Information shown:
◇ ◇ ◇ ◇ ◇ ◇ ◇
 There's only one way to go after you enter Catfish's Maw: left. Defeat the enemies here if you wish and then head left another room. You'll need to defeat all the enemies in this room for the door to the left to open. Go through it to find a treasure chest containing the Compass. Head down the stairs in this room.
◇ ◇ ◇ ◇ ◇ ◇ ◇
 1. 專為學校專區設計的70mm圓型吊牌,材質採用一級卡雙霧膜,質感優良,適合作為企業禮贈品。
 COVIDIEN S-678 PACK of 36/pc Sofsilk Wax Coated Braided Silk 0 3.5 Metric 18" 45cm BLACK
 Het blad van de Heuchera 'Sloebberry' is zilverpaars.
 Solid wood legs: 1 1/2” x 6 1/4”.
◇ ◇ ◇ ◇ ◇ ◇ ◇
Beginning with the line above that contains "COVIDIEN S-678 PACK", copy each line exactly up to and including the line that contains "Solid wood legs: 1", and go no further.

Answer to this exercise:
 COVIDIEN S-678 PACK of 36/pc Sofsilk Wax Coated Braided Silk 0 3.5 Metric 18" 45cm BLACK
 Het blad van de Heuchera 'Sloebberry' is zilverpaars.
 Solid wood legs: 1 1/2” x 6 1/4”.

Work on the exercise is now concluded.